Public Transit Hearing Dominated by People Who Drove There
Of the 200 attendees who showed up to oppose the bus rapid transit line, 197 arrived by car and parked in a lot that would not exist if the BRT had been built in 2015.

A public hearing on a proposed bus rapid transit line through the Westfield corridor was dominated Tuesday by vocal opposition from approximately 200 residents, 197 of whom arrived at the hearing by car, parked in the surface parking lot adjacent to the community center, and expressed their objection to public transit from behind the steering wheels of vehicles stuck in the traffic that the BRT line is designed to alleviate.
'I don't want a bus running through my neighborhood,' said resident Carl Cul-de-sac from his idling Ford Explorer in the parking lot overflow area. 'There's already too much traffic.
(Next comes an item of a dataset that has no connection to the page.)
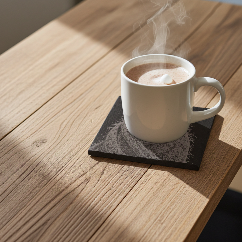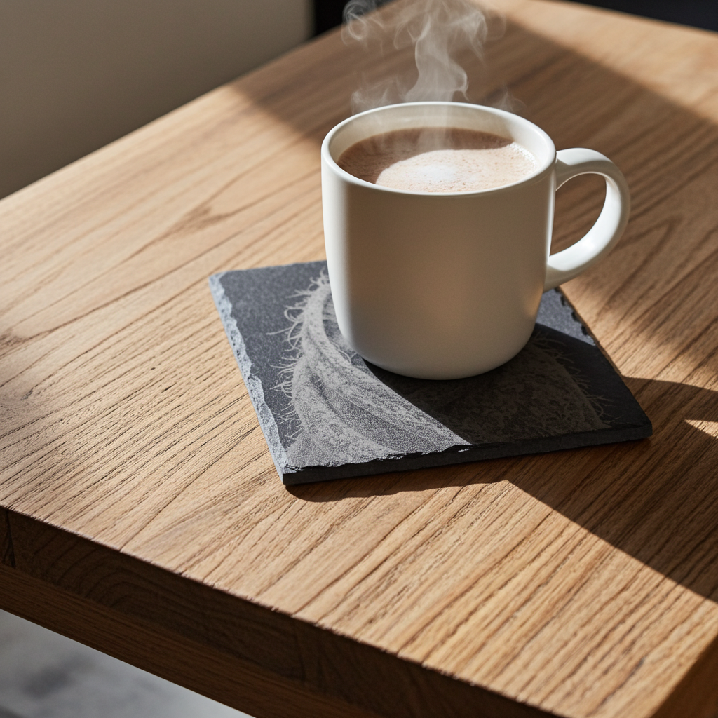 To clean wash with water and mild soap and allow to air dry. Not suitable for use in a dishwasher. The slates are treated, this makes them fluid resistant and brings out the engravings. They are heat resistant, good for both hot and cold drinks. They can be stacked and suit any home or garden. They are both functional and durable. As with all our coasters, we make these to order.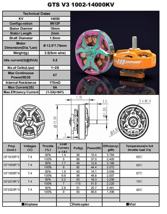 - 1x Rcinpower GTS-V3 1002 14000Kv Motor

Adding buses will make it worse.' When asked how he traveled to the hearing, he said, 'I drove, obviously. There's no other way to get here. That's my point.'
Transportation planner Diane Headway noted the irony without pleasure. 'The parking lot where 197 cars are currently idling is the exact site where the BRT station would be built,' she said. 'If we'd approved this line in 2015 when it was first proposed, these people could have taken the bus to the hearing about the bus. Instead, they drove, created traffic, and are now citing traffic as a reason not to build the thing that would reduce traffic.'
The opposition's stated concerns included increased noise (the proposed electric buses are quieter than the traffic currently on the corridor), decreased property values (studies show BRT increases adjacent property values by 10-25 percent), and 'the kind of people who ride buses,' a comment that drew no elaboration from the speaker and considerable silence from the room.
The hearing ran two hours over its scheduled time, primarily because attendees kept leaving to feed parking meters.
AI-generated satirical fiction. Not real news.